Fig 3. Metabolic exchange in a microbial ecosystem.

Fig 3

Visualization of metabolic exchange between many organisms in a system is achieved through VisANT's multi-organism layout. The six organisms shown here are microbes selected because of their roles and abundance in the human gut. Metabolic flux was determined through a COMETS simulation involving all six microbes in a minimal D-glucose media. Each model is represented by a metanode, and in the center of the models are nutrients in the media that interact with the models. Nodes are color coded by their syntrophic influence, gray being nutrients involved in a potential syntrophy, red being nutrients which the microbes may be competing over, blue being nutrients which are produced by more than one organism, but consumed by none, and dark gray being nutrients which only have one model interacting with them. The network is simplified by hiding metabolite nodes that are not transported in/out by any model at this time point (normally displayed in white color), as well as metabolites not useful for biological interpretation of interactions, including biomass subcomponents (Protein_biosynthesis_e0, RNA_transcription_e0, and DNA_replication_e0) and highly connected ubiquitous metabolites (H2O_e0, H+_e0, Orthophosphate_e0).
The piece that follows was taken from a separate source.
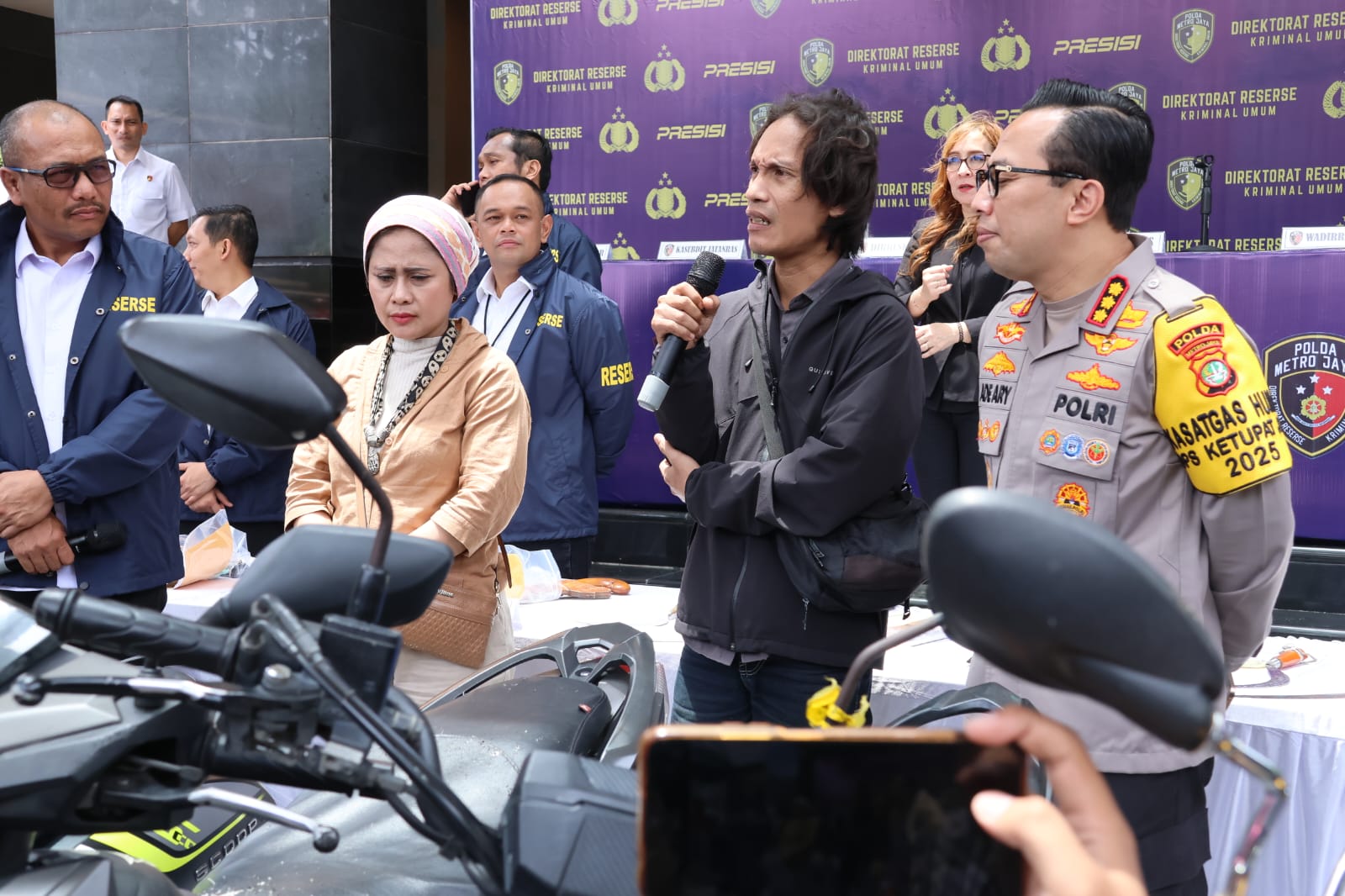 “Kami dari Ditreskrimum Polda Metro Jaya akan mengembalikan barang bukti yang berhasil disita oleh tim penyidik kepada para pemilik yang sah. Oleh karena itu dalam kesempatan yang baik ini kami serahkan secara simbolis kunci motornya kepada para pemilik,” Dirreskrimum, Senin (24/3/2025).
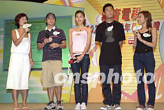 四位乐坛年青歌手方力申、李彩桦、余文乐、方皓玟(左二起)9月5日出席香港电台联同教育署举行的「教育电视2002-2003新学年启播典礼」。他们将有机会参与演出教育电视节目,教育电视节目将于9月9日起正式启播。邓庆乐 摄

Minor manual rearrangement was conducted for the expanded network to improve clarity. Five of the six model metanodes are collapsed for clarity, but H. pylori is shown expanded, displaying the environmental exchange reactions. Nutrients of interest, Oxygen, D-Glucose, D-Galactose, (S)-Lactate, and Formate, have been labeled. Part of the L-Proline intracellular pathway has been expanded to exemplify VisANT’s capabilities.